Thursday, March 26, 2020

...Improve each shining hour...

I’m glad I have a job that permits me to work at home in this current situation.  However, I was a little surprised to find that the two hours a day that I am not commuting has disappeared immediately into a vortex of minor life maintenance activities.  I finally got to use my nice clean painting desk yesterday, with a start on two dozen Ral Partha medieval spearmen and crossbowmen to eventually be fielded as a fantasy civic militia, plus a couple of personalities to support them.  I hope to have them finished by the end of the weekend.


At least the food has been good.  I made a vat of ham and navy bean soup last night, enough for three meals for the two of us, and froze the leftovers for later.
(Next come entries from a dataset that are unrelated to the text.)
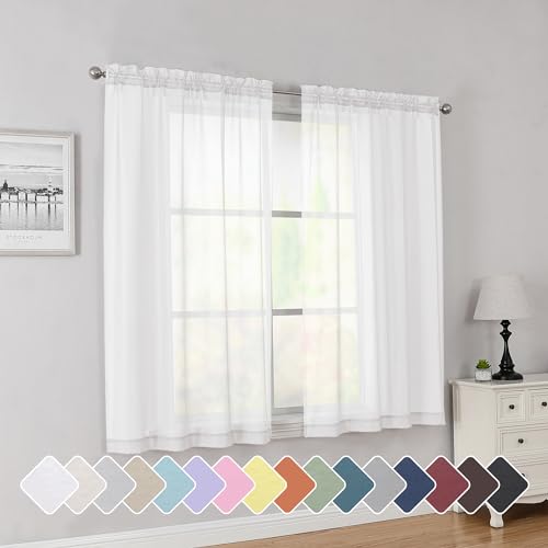 Chyhomenyc White Sheer Curtains 54 Inch Long 2 Panels Set, Short Voile Rod Pocket Drapes for Dinning Small Windows Bathroom Living Room Bedroom, Each 42Wx54L in, 2PCS, White
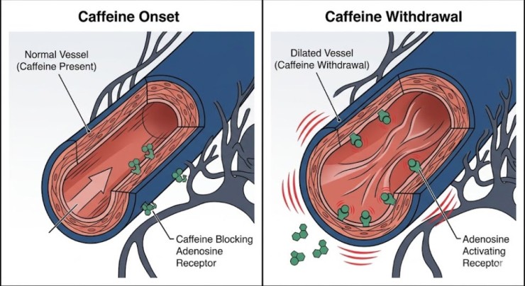 이때 혈관 주변의 신경을 자극하여 욱신거리는 통증, 즉 카페인 금단 두통을 유발하는 것입니다.
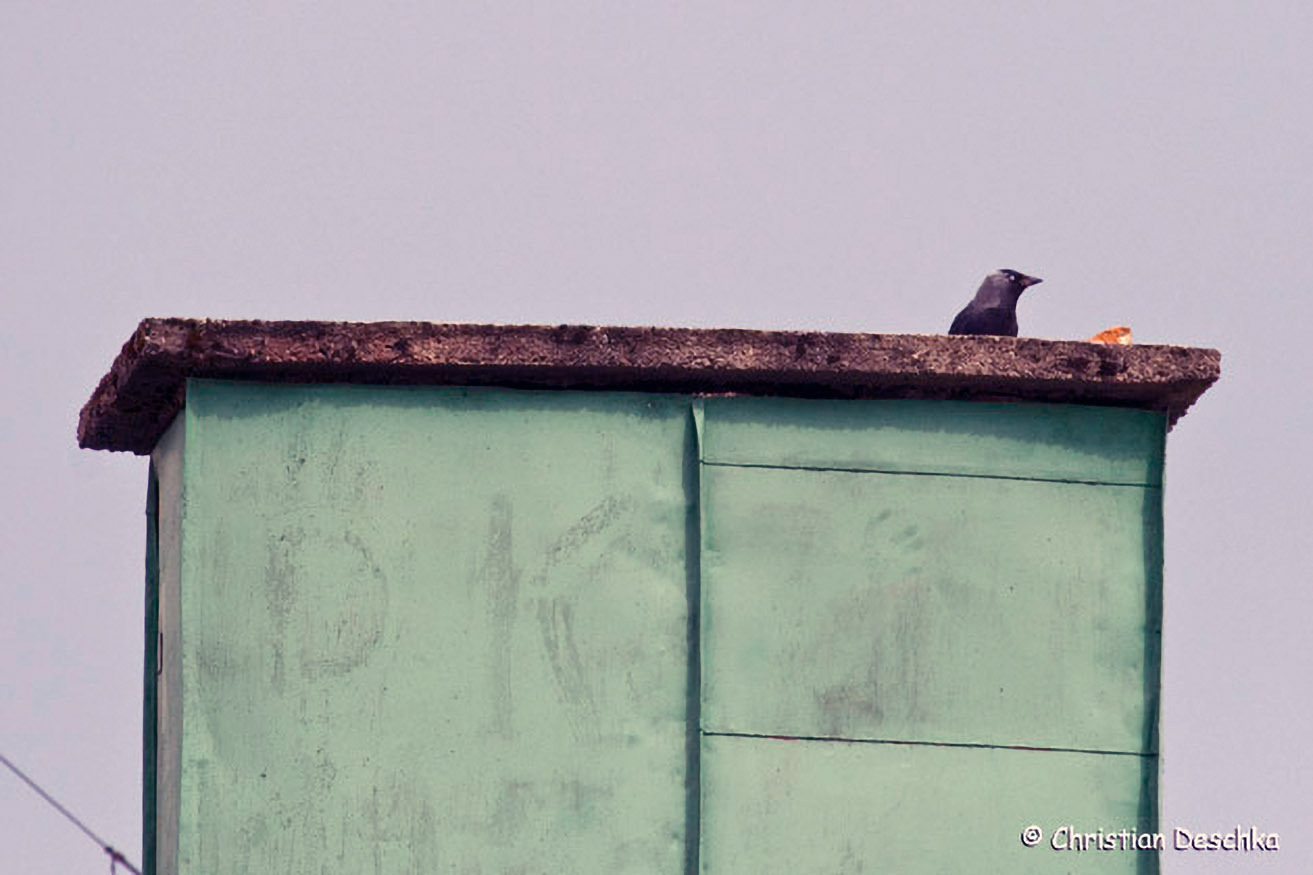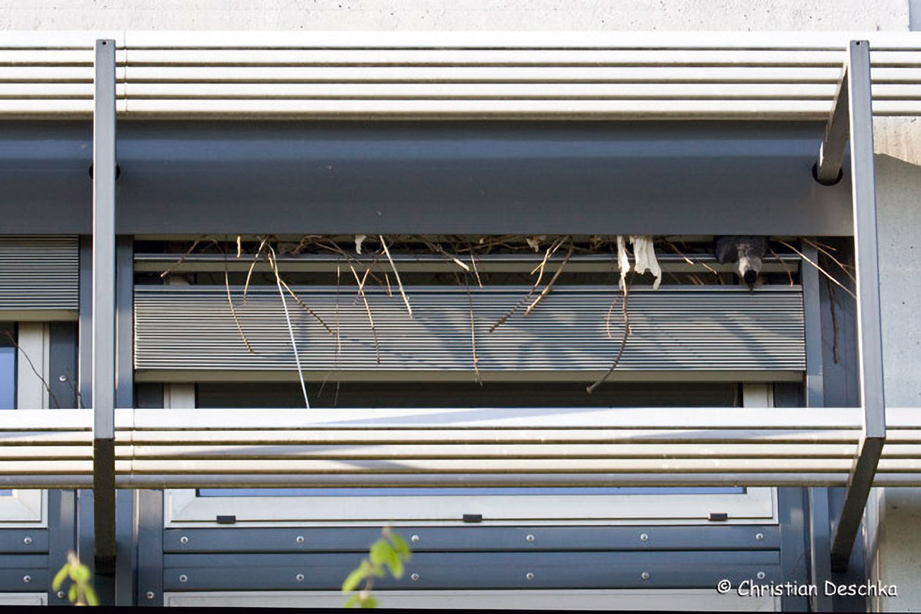 Diese freche Dohle hat ihr Nest im Jalousienkasten eines modernen Gebäudes errichtet. Bei genauem Hinsehen erkennt man rechts oben die Dohle beim Ausfliegen.

I feel like soup needs some bread to go with it, so I made a batch of a quick soda bread (2 cups flour, 1 cup buttermilk, 1 teaspoon baking soda, 1/2 teaspoon salt, stir, knead lightly, bake at 350F for about 20 minutes).


On to today...


Monday, March 23, 2020

Dragon Rampant Remote Game — Raid on the Myzantine Frontier

My brother Norman and I took some time out of our busy schedules yesterday (ahem...) to play a game.  After our recent Cincycon outing, I was in the mood for more fantasy, so I suggested that we have a game of Dragon Rampant.  As I have mentioned elsewhere, an advantage of Dragon Rampant in a remote setting is that each player has a relatively small number of maneuver elements to concern himself with, and the exact angle and positioning of those elements is less important than the general idea of which other unit (or piece of terrain) their activation is intended to address.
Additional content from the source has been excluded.